# Shortage on bags walkway salt???



## Flawless440 (Dec 6, 2010)

What is everyone being told??

I have been trying to get a semi for weeks..

Anyone have a line? I'm in Ohio


----------



## MahonLawnCare (Nov 18, 2007)

Was told same thing this week. Rail car got held up or something where we go. said it could be a few weeks before they get more. Supply and demand at its best.


----------



## Raymond S. (Jan 8, 2008)

Got a truckload yesterday and paid a premium. EVERYONE is out for a long time. Said municipalities have spoken for everything. Even though I paid out the nose I was glad to get a load.


----------



## born2farm (Dec 24, 2007)

We just got a partial load (9 pallets). Said that might be all for a while


----------



## Raymond S. (Jan 8, 2008)

I had to take 36 pallets. I wasn't worried though because something tells me there will be a lot of people in need by the middle of February. There's no end in sight to the weather pattern we are in.


----------



## SnowGuy73 (Apr 7, 2003)

Slight shortage on bulk salt and a big time shortage of clearlane here. 

Bags were doing good on.


----------



## DeVries (Nov 27, 2007)

North of the border there is a waiting time of a week or two as well. Friend of mine started to bag his own as he has a bagging machine for soil and mulches. Did 900 bags in one day with 3 guys.


----------



## Flawless440 (Dec 6, 2010)

Raymond S.;1729341 said:


> I had to take 36 pallets. I wasn't worried though because something tells me there will be a lot of people in need by the middle of February. There's no end in sight to the weather pattern we are in.

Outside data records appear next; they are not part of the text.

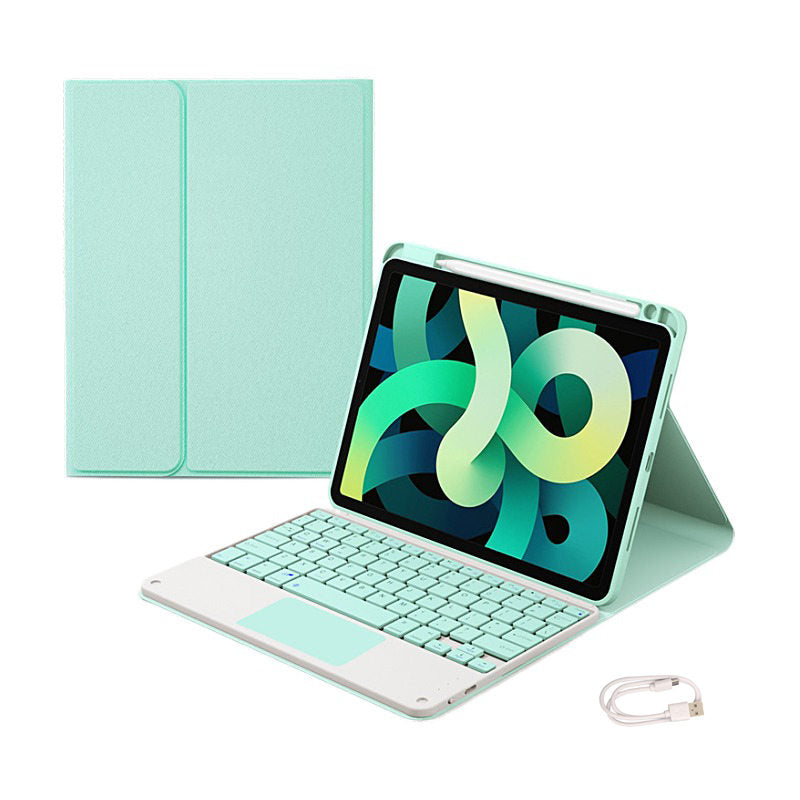 Removable Keyboard Case For iPad Air 4/iPad Air 5/iPad Pro 11 7 Color Backlit with Touch Panel Pen Slot-MintGreen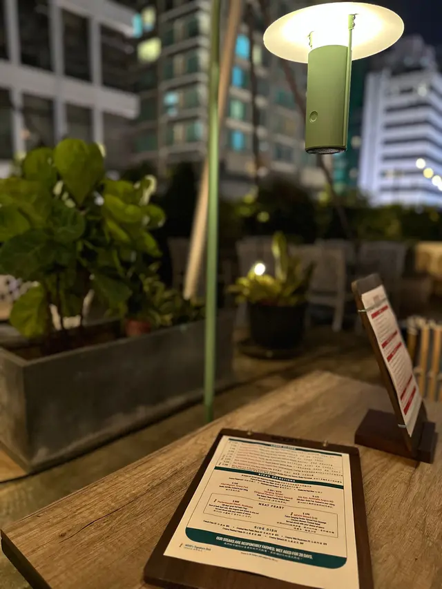 今天天氣有點涼快,我們選擇了坐在室外,幾個好友促膝談心,七點左右室外已坐了好幾桌客人,在帳篷下燈光顯得有點昏暗,輕快的音樂音量適中不會太嘈吵,熱鬧又有舒適感。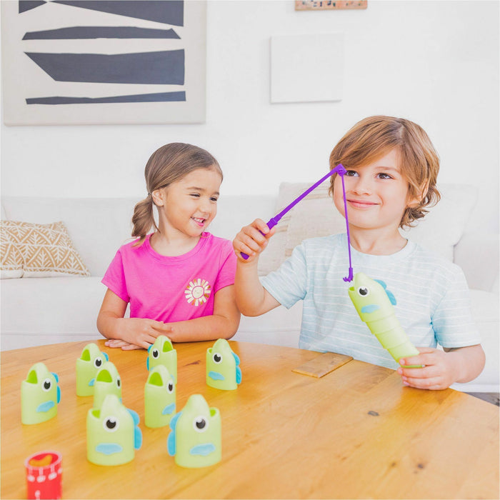 School your children with this whopper of a game that's fun for the whole family. Players use a fishing pole to catch telescoping fish and measure them against the included cards. Game includes a fishing pole, 12 fish, four measuring cards and game guide. Fish are flat during game play but extend to various lengths once caught. Introduce the concept of measurement and the idea of small, medium and large to help children understand the correlation between size and measurement. Game is perfect for two to three players ages 3 and up.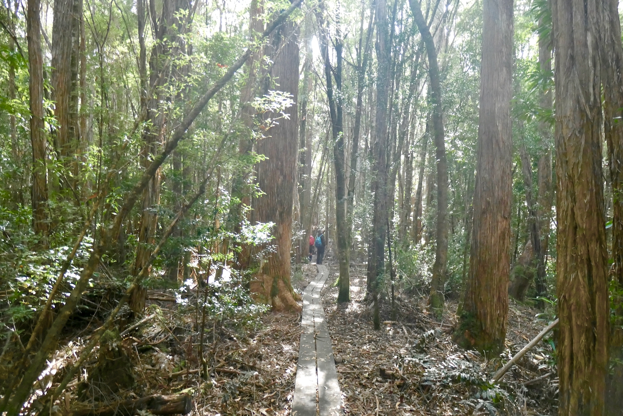 A great example of Anodopetulum Biglandulosum (Horizontal Scrub) where the main trunk of the tree has formed an arch over the track and there are 5 plus new branches emerging from the top side of the trunk reaching for the sunlight.
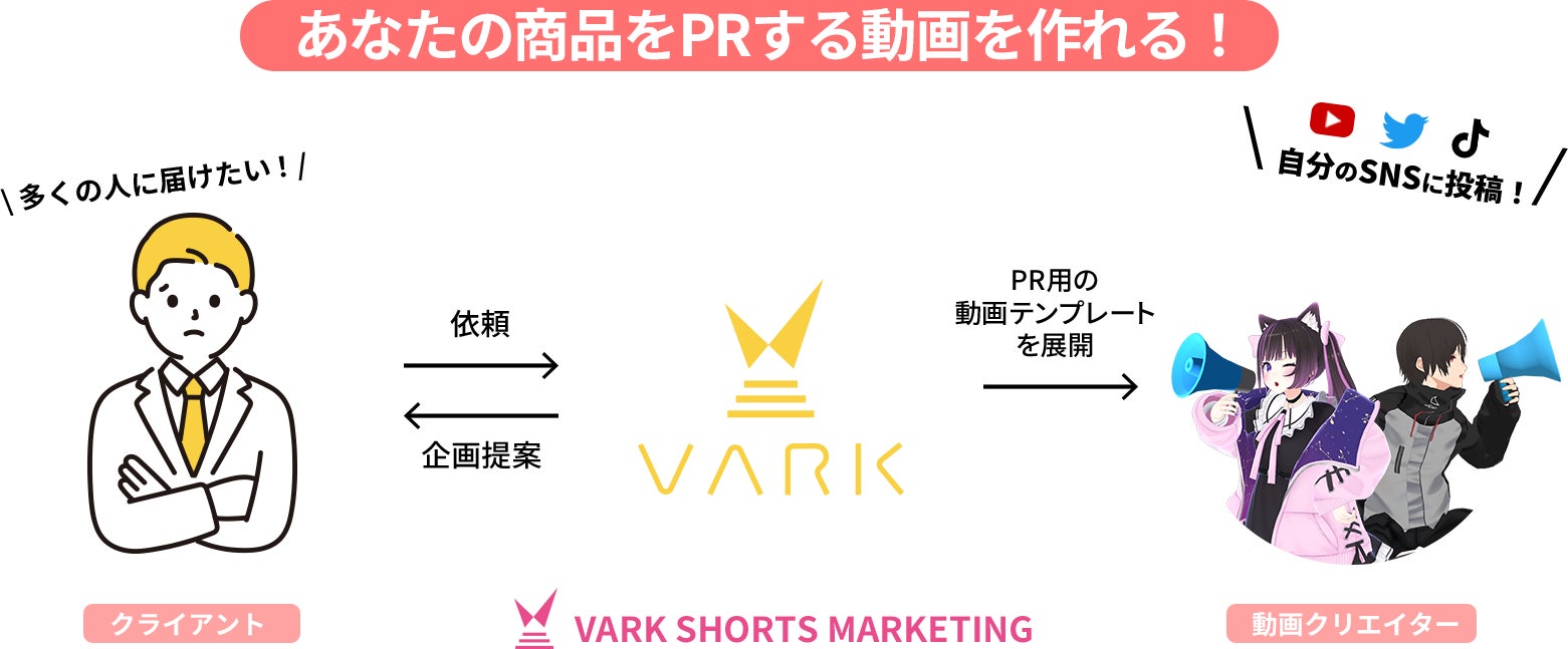 複数のエンターテイメントサービスを展開する株式会社VARK(本社:東京都豊島区 代表取締役:加藤卓也、以下VARK)は、10,000以上のクリエイター、動画総再生数1,000万回以上を記録する「VARK SHORTS」を活用した新しいSNSマーケティングサービス「VARK SHORTS MARKETING」の提供を本日5/26(金)から開始いたしました。

They still holding? Is there any left?


----------



## Flawless440 (Dec 6, 2010)

Is it easier to get bulk sidewalk salt??

About to throwing rock salt on the walks


----------



## Raymond S. (Jan 8, 2008)

I can send you a PM with their contact info if you'd like to check. It's trucked from Michigan so I suppose they might be able to get it down to Columbus.


----------



## melt all (Oct 30, 2013)

We have Bulk Super Sacks available. 1 ton sacks with schute on bottom. Bulk Rock Salt and Blended Salt (-20F).
Call Joe Kelly for pricing - 610-497-9390.


----------



## chachi1984 (Feb 10, 2012)

bag white rock salt is limited around here, but you can find treated bag salt

I just put treated bulk salt in my boxes for the sidewalks.


----------



## JimMarshall (Jan 25, 2013)

There is a definite shortage of ice melting chemicals here, everything from rock salt to mag/calcium chloride, and all mixtures and formulations in between.


----------



## CleanCutL&S (Dec 19, 2013)

I would stay away from "melt all" he seems very flaky and unreliable.


----------



## BigBoyPlowin (Nov 16, 2012)

THe problem is, We're using the product just as fast as its being put into bags and shipped.


----------



## JimMarshall (Jan 25, 2013)

BigBoyPlowin;1730116 said:


> THe problem is, We're using the product just as fast as its being put into bags and shipped.


This, it isn't a problem with material production, its an issue with shipping/transportation. They do not have enough trucks to keep up with hauling the stuff.


----------



## derekbroerse (Mar 6, 2004)

DeVries;1729442 said:


> North of the border there is a waiting time of a week or two as well. Friend of mine started to bag his own as he has a bagging machine for soil and mulches. Did 900 bags in one day with 3 guys.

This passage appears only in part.